What you need to know about Google Workspace Drive DLP Data Protection Insights

Greater visibility into cloud data security is a good thing – unless a report tells you that your business is at risk due to vulnerable FDA prescription drug data, but you don’t have any. What’s worse than a scary alert about data risk? When that alert is >50% wrong!

That’s what happened to us when we followed up on a notification from Google Workspace about its new Drive DLP data protection insights, available to certain Business and Enterprise accounts. This quarterly report is supposed to list files containing sensitive data types stored in the cloud Google Workspace (formerly known as G Suite) application and are accessible to the entire world. That objective is great! Who wouldn’t want to know when sensitive data is incorrectly shared with the entire world. However, as we dug deeper we became concerned about the approach and the accuracy of these results. What initially caught our eye is that Google analysis shows that 34% of our company’s sensitive data has been shared outside our organization, as well as curiosity about why we were getting flagged for at-risk prescription data.  

As we investigated Google’s findings, we drew the conclusions listed below. In short, Google took a strong step forward to raise awareness about this urgent data security risk. Innovation and growth are great, but this solution is not ready for the vast majority of businesses that desperately need assistance in this very space. If you received the email from Google introducing the DLP data protection insights report and want to learn more about our experience, see the summary below and watch our video. 

In this video, Michael will give you a sneak peak into the new Drive DLP Data Protection Insights services provided by Google today.

1. Drive DLP raises awareness for the need for cloud data protection in a work from cloud reality. 

Looking at the types of data stored in the cloud and shared with people outside your organization is an eye-opener for many companies. Moreover, when you consider that Google Docs, Sheets, and Slides gives you the ability to name other people as editors who can then share it with other people, you begin to realize how easy loss of personally identifiable information, health data, account numbers, or any sensitive data can be. Google’s quarterly report is a laudable attempt to increase visibility of the problem; however, it is also succumbing to the classic challenges of data protection solutions - massive false positives and lack of workflows for businesses to easily act on these alerts (no, automatic blocking of a highly false positive alert is not a reasonable workflow for any business). 

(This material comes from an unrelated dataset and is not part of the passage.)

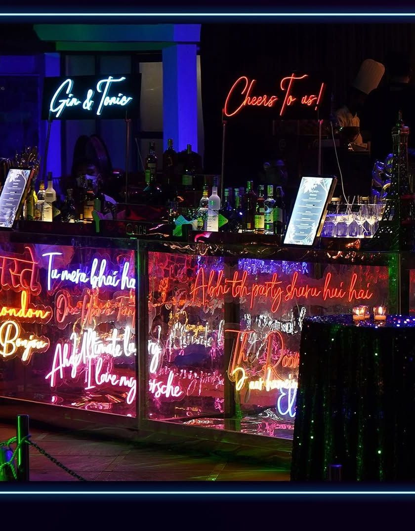 For after-parties or a high-energy sangeet, I design with a bold, modern aesthetic. This includes custom neon signs, vibrant lighting installations, and unique decor elements like illuminated mannequins to create a party atmosphere that is truly electric.
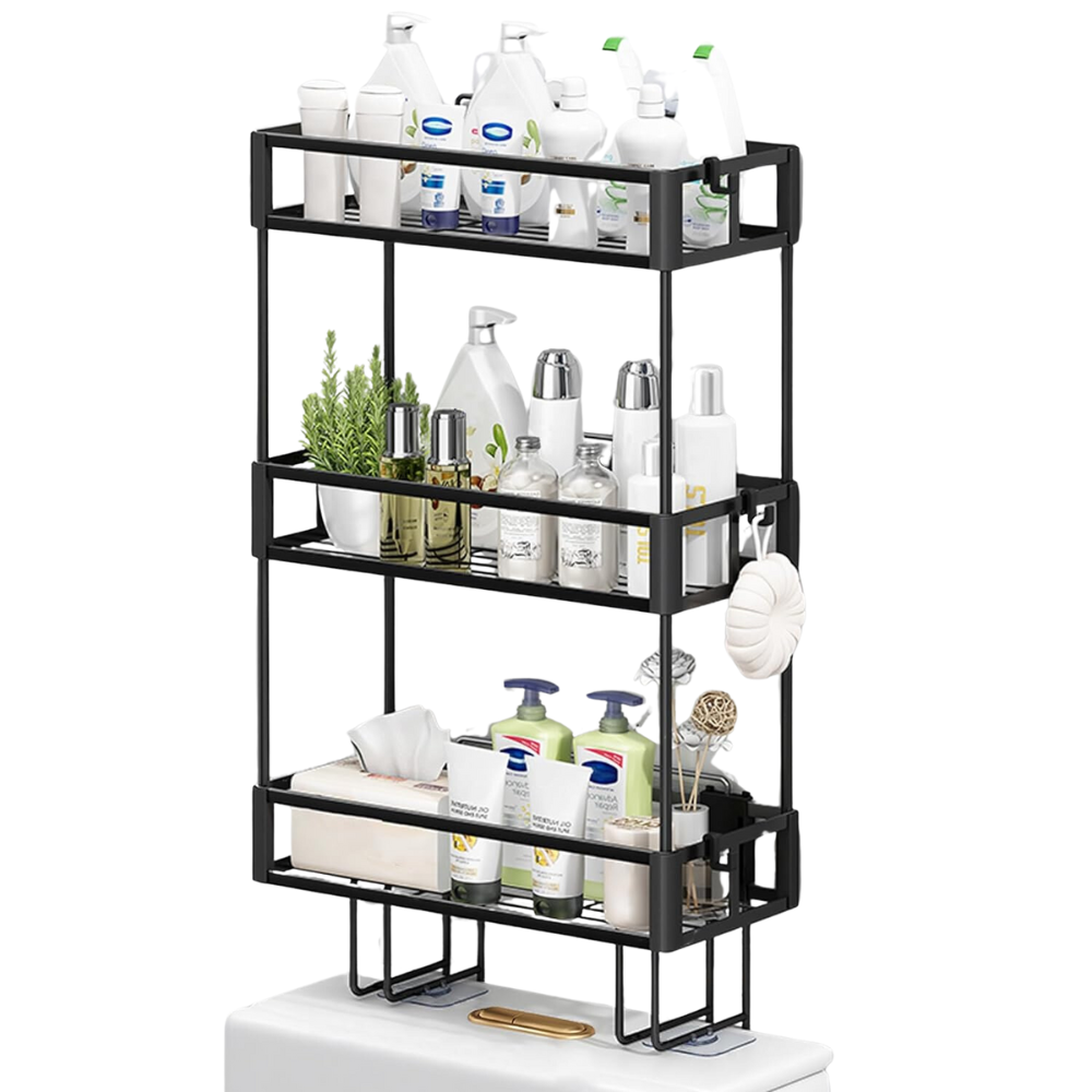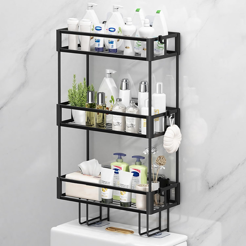 Excelentes labios para evitar caídas: El estante de almacenamiento sobre el inodoro con 3 niveles, siempre tiene un diseño de labios y aumenta la altura a 7cm pulgadas para evitar caídas. Suficiente espacio y seguridad para poner todos los artículos ordenados y ordenados, di adiós al desorden.

2. Google’s tool may be helpful for big corporations with large security teams. 

It took some time to figure out how to set up rules and then go through the hundreds of alerts they produced when deployed in a small company. The solution does provide additional insight, but at a cost. Because of poor accuracy and a large number of alerts, security teams would need to integrate the alerts into SOC workflows using considerable amounts of human time for individual investigation and response. Businesses with IT security staff may have the resources to make checking the DLP data protection insights report into their workflows, but this is a non-starter for smaller companies that can’t invest in numerous human analysts or customer security engineering cycles.

3. False positives set businesses up for failure.

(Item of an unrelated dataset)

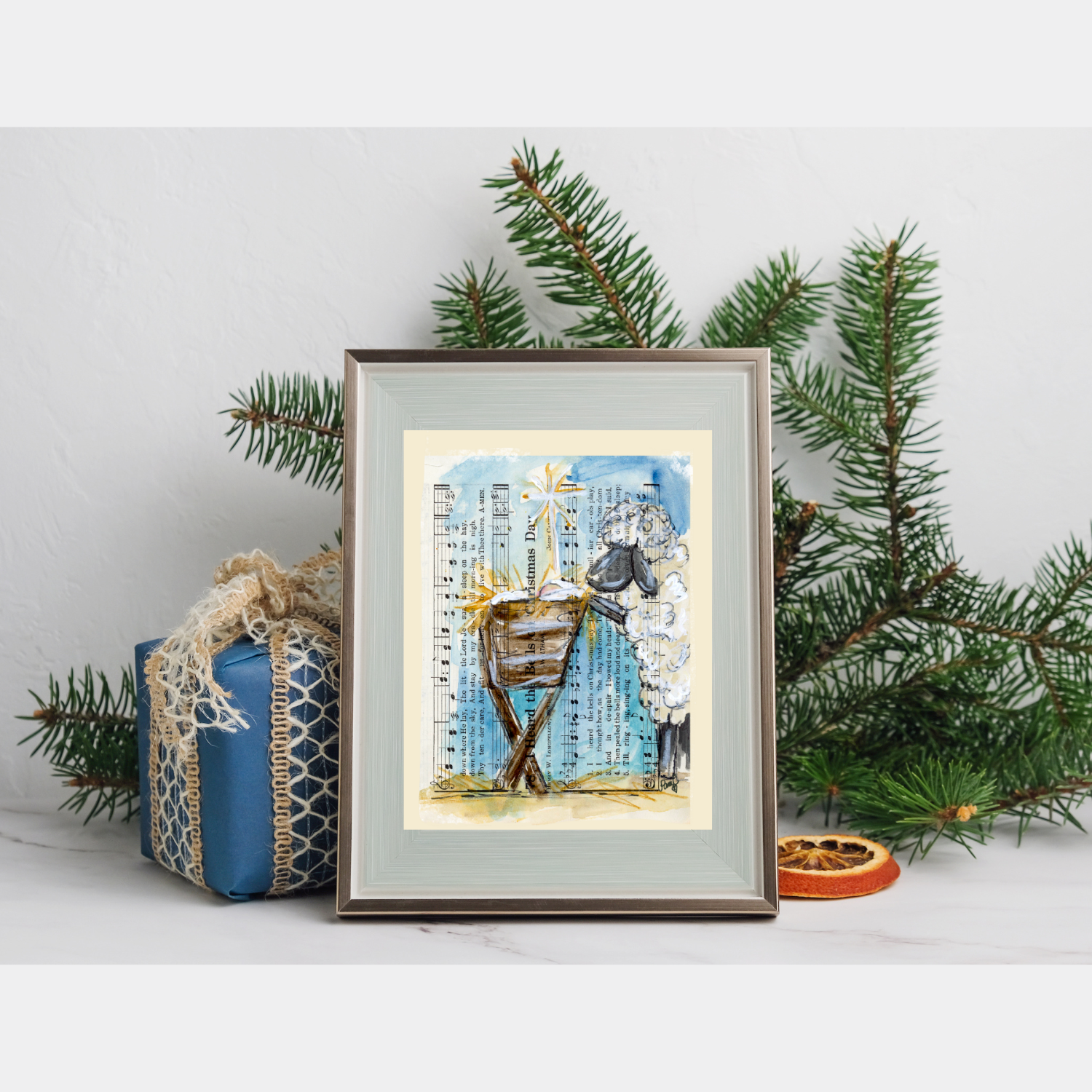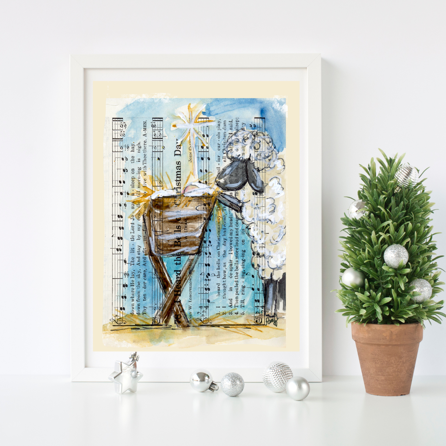 The "Nativity Sheep" features a sheep looking over baby Jesus in a crib with a unique sheet music background.

Depending on how an organization sets up its rules, the tools can return numerous false positives, alerting their team to incidents that really aren’t putting sensitive data at risk. This is most easily seen from the sample report provided by Google itself. Using our own systems as an example, we received numerous alerts for prescription drug data - something we don’t have in our GSuite instance at all. In addition to taking more time than necessary to manage data protection, false positives will eventually lead to alert fatigue, which causes people to ignore alerts. The last thing we need is an inaccurate system flooding us with alerts that are wrong - or worse, deployment in auto blocking mode that results in disruptions to business operations across the company!